Let $M_1 \times M_2$ be the product of two smooth manifolds $M_1, M_2$, and let
$\mu$ be a $k$-form on the product. Set $n_1 := \dim M_1$ and $n_2 := \dim M_2$.
The question is whether the product manifold structure induces a canonical splitting of the exterior derivative in the sense that
$$ \operatorname{d}\negthinspace \mu = \operatorname{d}_1 \negthinspace \mu +
\operatorname{d}_2 \negthinspace \mu \, .$$
Indeed, if one looks at the coordinate expression
$$\mu = \frac{1}{k!} \, \mu_{i_1 \dots i_k} \, \operatorname{d}\negthinspace x^{i_1}\wedge
\dots \wedge \operatorname{d}\negthinspace x^{i_k} \, ,$$
in product coordinates
$$\left(x^1, \dots, x^{n_1},x^{n_1+1}, \dots, x^{n_1 +n_2} \right)
= \left(x^1_1, \dots, x^{n_1}_1,x^{1}_2, \dots, x^{n_2}_2 \right) \, , $$
then
\begin{align}
\operatorname{d}\negthinspace \mu
&= \frac{1}{k!} \, \left( \sum_{j_1=1}^{n_1} \frac{\partial \mu_{i_1 \dots i_k}}{\partial x^{j_1}_1} \,
\operatorname{d} \negthinspace x_1^{j_1}
+ \sum_{j_2=1}^{n_2} \frac{\partial \mu_{i_1 \dots i_k}}{\partial x^{j_2}_2} \,
\operatorname{d} \negthinspace x_2^{j_2}
\right)\wedge \operatorname{d}\negthinspace x^{i_1}\wedge
\dots \wedge \operatorname{d}\negthinspace x^{i_k}
\\
&= \frac{1}{k!} \, \left( \sum_{j_1=1}^{n_1} \frac{\partial \mu_{i_1 \dots i_k}}{\partial x^{j_1}_1} \,
\operatorname{d} \negthinspace x_1^{j_1}
\right) \wedge \operatorname{d}\negthinspace x^{i_1}\wedge
\dots \wedge \operatorname{d}\negthinspace x^{i_k}
+ \frac{1}{k!} \,
\left( \sum_{j_2=1}^{n_2} \frac{\partial \mu_{i_1 \dots i_k}}{\partial x^{j_2}_2} \,
\operatorname{d} \negthinspace x_2^{j_2}
\right)\wedge \operatorname{d}\negthinspace x^{i_1}\wedge
\dots \wedge \operatorname{d}\negthinspace x^{i_k} \, .
\end{align}
(Of course, one needs to anti-symmetrize to get the components of the $(k+1)$-forms.)
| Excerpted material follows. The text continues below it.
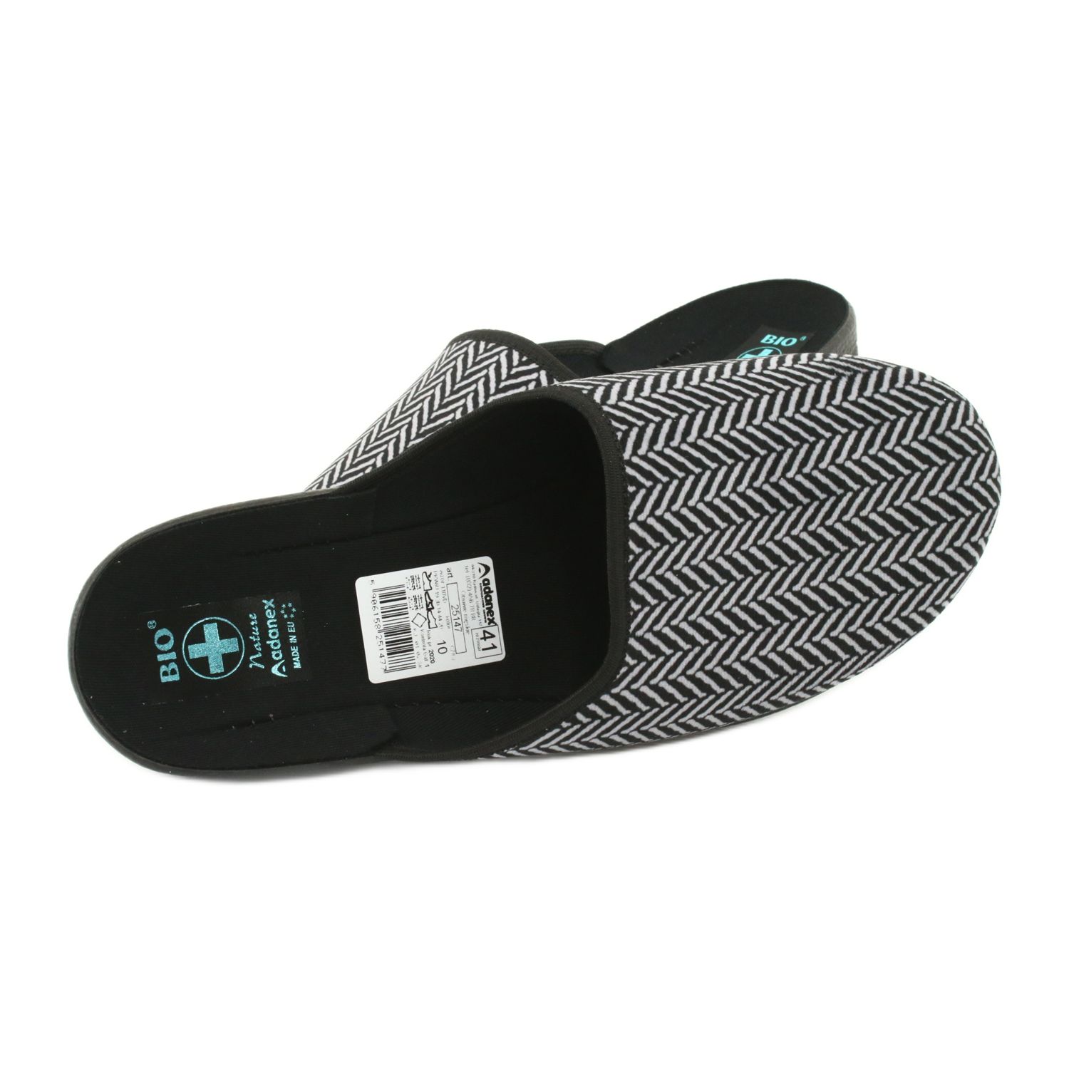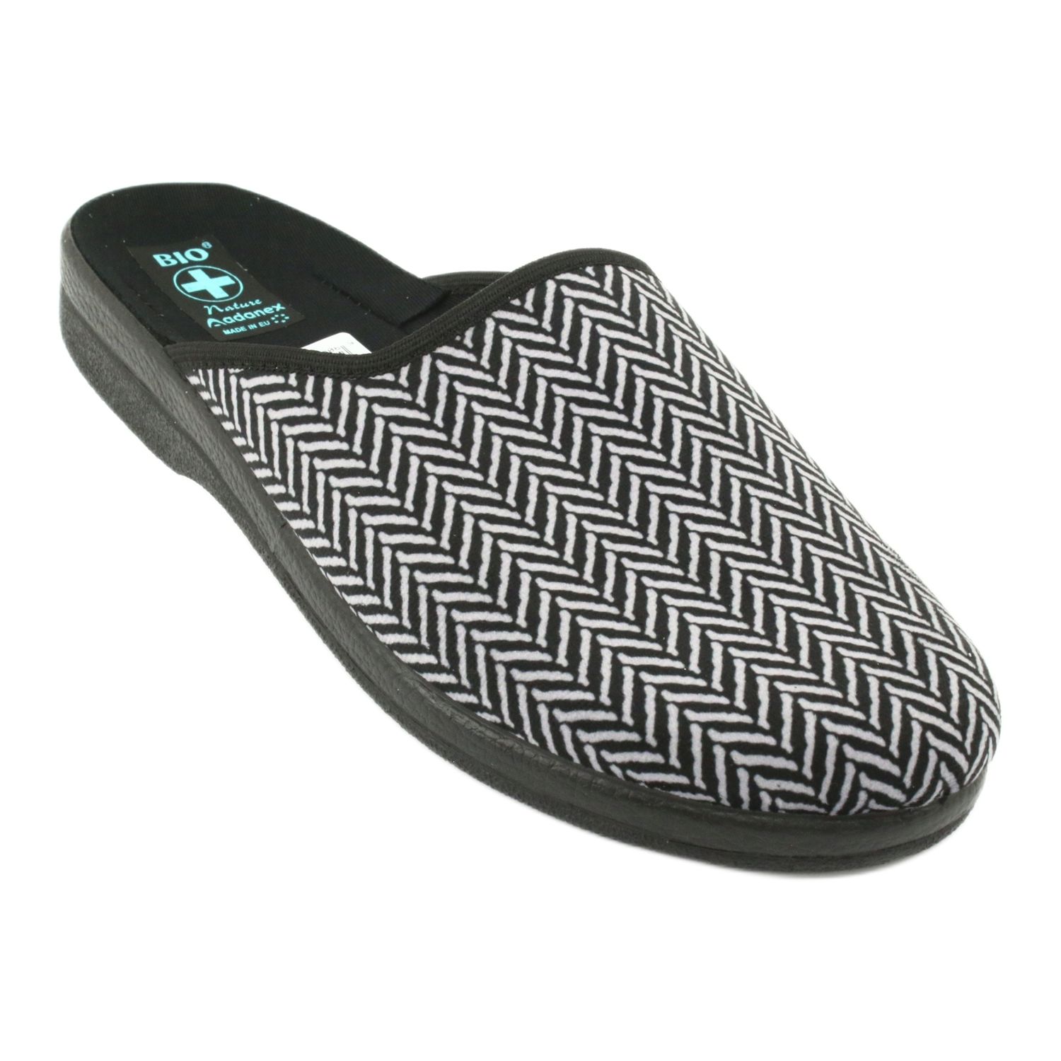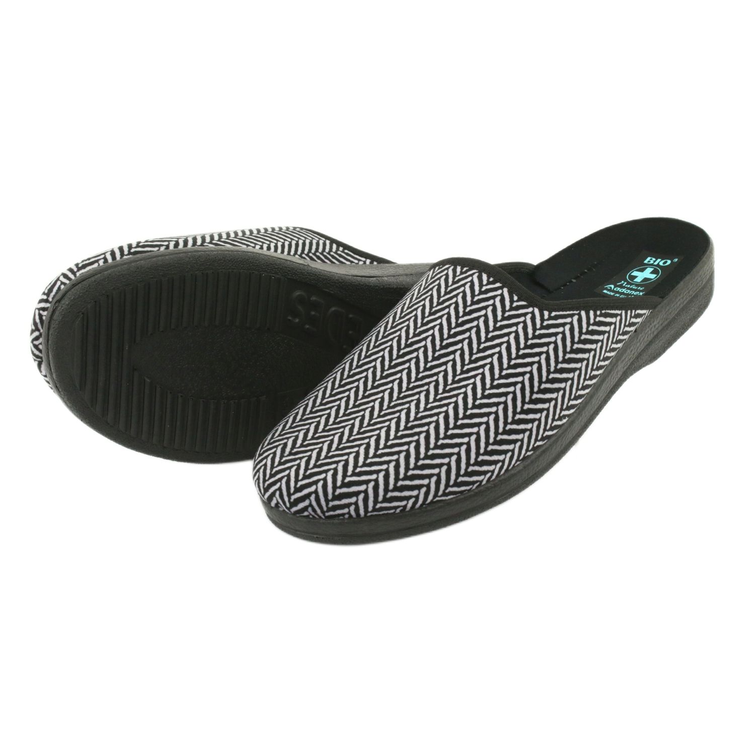 Elegantní pánské pantofle polské značky Adanex vyrobené z měkké velur s jemnou rybí kostí v odstínech černé a šedé. Profilovaná, silnější podrážka pěny PU zajišťuje lehkost a odpružení, díky kterému je procházka po domě pohodlnější a méně zatěžující klouby. Vložená struktura usnadňuje rychlý předpoklad a prodyšné materiály se starají o tepelné pohodlí nohou.

Is there a way to define this invariantly e.g. by using projections onto some subbundles of
the tangent bundle/tensor bundles of the product? A quick search in the literature did not really yield anything. One would expect this to be more common, if this were a thing.
EDIT: To maybe give some motivation/context for why one would want to do this, consider the projection mappings onto the respective factor
$$\operatorname{pr}_i \colon M_1 \times M_2 \to M_i \colon (m_1,m_2) \mapsto m_i \, ,$$
a differential form $\alpha$ on say $M_1$, as well as a vector field $X$ on the product $M_1 \times M_2$. One shows easily that formally
$$X \lrcorner \left( \operatorname{pr}_1^* \alpha \right) = \operatorname{pr}_1^* \Bigl( \bigl((\operatorname{pr}_1)_* X \bigr) \lrcorner \alpha \Bigr) \, .$$
($\lrcorner$ is contraction, the upper and lower stars denote pullback and pushforward, respectively)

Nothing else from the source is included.